Военнопленный лейтенант Колесник думал иначе. Он считал, что в принципе бежать можно из любого лагеря, но из лагеря в Квитчанах труднее, нежели из какого-либо другого. Нет, он не исключал такую возможность полностью.

Поэтому неожиданный ночной разговор хотя и изумил, потряс его, но все же не показался лишенным всякого здравого смысла.

Павел Колесник вышел из вонявшей хлоркой уборной, жадно вдохнул свежий ночной воздух. Глянул на небо — те же звезды, что и над родной Полтавщиной. Хоть это не отняли… Навстречу ему от ближайшего барака, припадая на правую ногу, шел заключенный с большой, непокрытой лысой головой. Колесник узнал его. В лагере многие заключенные имели прозвища. Этого наградили двумя — Башка, Сократ…

Башка остановился перед Колесником и, глядя ему в глаза, обычным глуховатым, ровным голосом сказал, точно речь шла о пуговице или кусочке бумаги для цигарки.

— Есть предложение, Павел. Допустим, побег… Возьмешься?

Колесник ответил таким испуганным, пронзительным взглядом, что Башка слегка смутился.

— Нет, я с ума не сошел, — торопливо и как-то досадливо произнес он. — Предложение совершенно серьезное. Имеются гарантии. Ну?

Башка ждал ответа. У него было очень худое лицо. Тонкая кожа так туго обтягивала череп, что даже морщинки на высоком выпуклом лбу разгладились. Если бы не глаза, эта голова могла бы напоминать голову хорошо сохранившейся мумии. Но светло-карие глаза жили на мертвом лице, в них чувствовалась душевная зоркость, они как бы излучали тепло напряженной работы мысли.

Колесник давно приглядывался к этому человеку, сумевшему сохранить какое-то сдерживаемое внутреннее достоинство, и не раз ловил на себе его пристальные пытливые взгляды. Однако до беседы у них не доходило. Сегодня Башка впервые столь откровенно заговорил с ним.

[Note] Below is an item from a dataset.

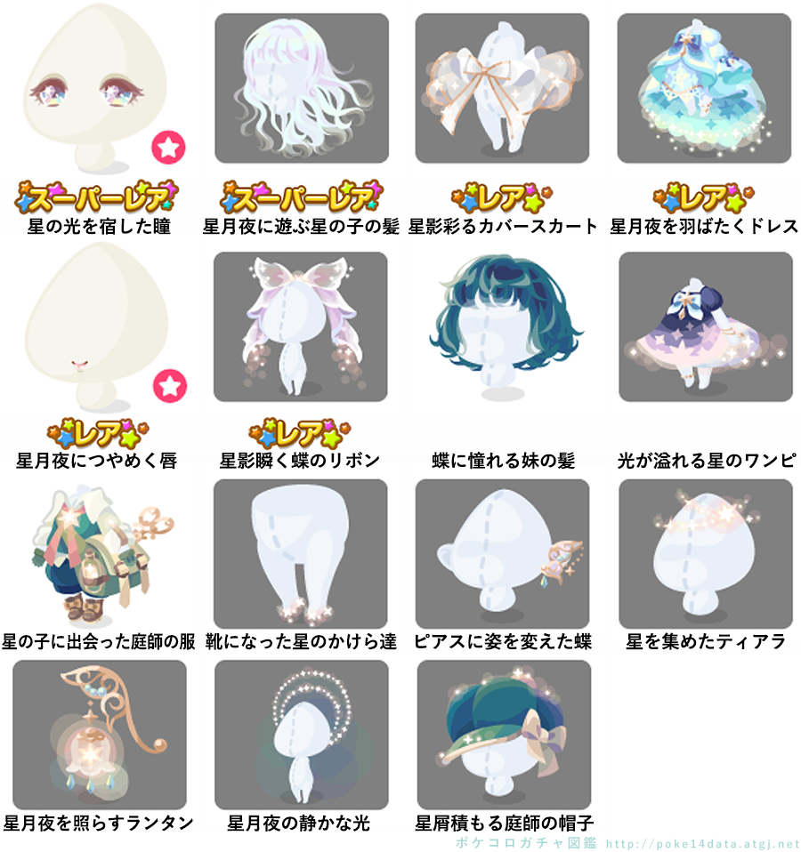 ★星の光を宿した瞳(顔パーツ) ★星月夜に遊ぶ星の子の髪 ☆星影彩るカバースカート ☆星月夜を羽ばたくドレス(アクション付きfアイテム) ☆星月夜につやめく唇(顔パーツ) ☆星影瞬く蝶のリボン 蝶に憧れる妹の髪 光が溢れる星のワンピ 星の子に出会った庭師の服 靴になった星のかけら達 ピアスに姿を変えた蝶 星を集めたティアラ 星月夜を照らすランタン 星月夜の静かな光 星屑積もる庭師の帽子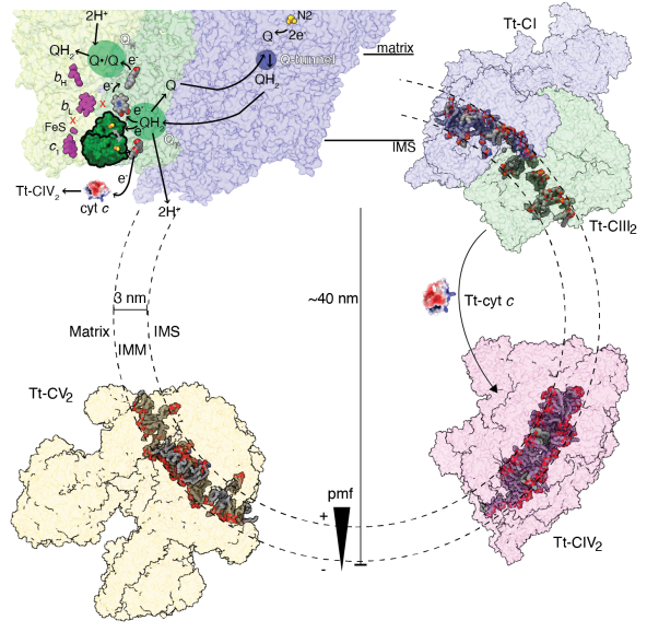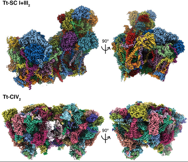 On March 31st 2022, Dr. ZHOU Long from the Zhejiang University School of Medicine and Dr.James Letts from the Molecular and Cellular Biology Department at University of California Davis collaborated to publish a research article in the journal Science. The study reported cryoEM structures of a 2.3 MDa super-complex I+III2 (SC I+III2) and a 2.7 MDa complex IV dimer (CIV2) of Tetrahymena thermophila (Tt), a key ciliate model organism belonging to the Alveolata clade, at 2.6 Å and 3.0 Å resolution respectively. Compared to the 1.4 MDa mammalian SC I+III2 with 67 subunits, Tt-SC I+III2 encompasses 91 subunits, out of which 20 subunits have no reported homologues. Moreover, the Tt-CIV2 has 52 subunits per protomer and has surpassed CI as the largest individual ETC complexes, while existing eukaryotic CIV structures usually consist of 10-14 subunits with ~200 KDa mass.

— С кондачка такие вещи не решаются. — Колесник невольно покосился на ближнюю вышку. — Я должен знать…

— Все, что нужно, узнаешь. В свое время. Дело, считай, верняк. Организация, помощь — обеспечены. В любую минуту можешь отказаться. Это на твоей совести. Сейчас в принципе: да или нет!

Не так-то просто было произнести это короткое слово. Внезапное предложение Башки ошеломило Колесника. Он понял только одно — Башка обращается к нему не от себя лично, а и от своих товарищей. Так следовало предположить.

— Не решишь? Тяжело? Сутки на размышления. Если согласишься, назови желательного партнера. Бежать будут двое. Пока дело имею с одним тобой. Без моего одобрения ни с кем не советуйся. Договорились?

Последние слова Башка произнес уже на ходу.

Что за человек? Фамилия — Бахмутов. Артиллерист, очевидно, офицер, в прошлом преподаватель математики, отлично играет в шахматы — вот все, что знал о нем Колесник.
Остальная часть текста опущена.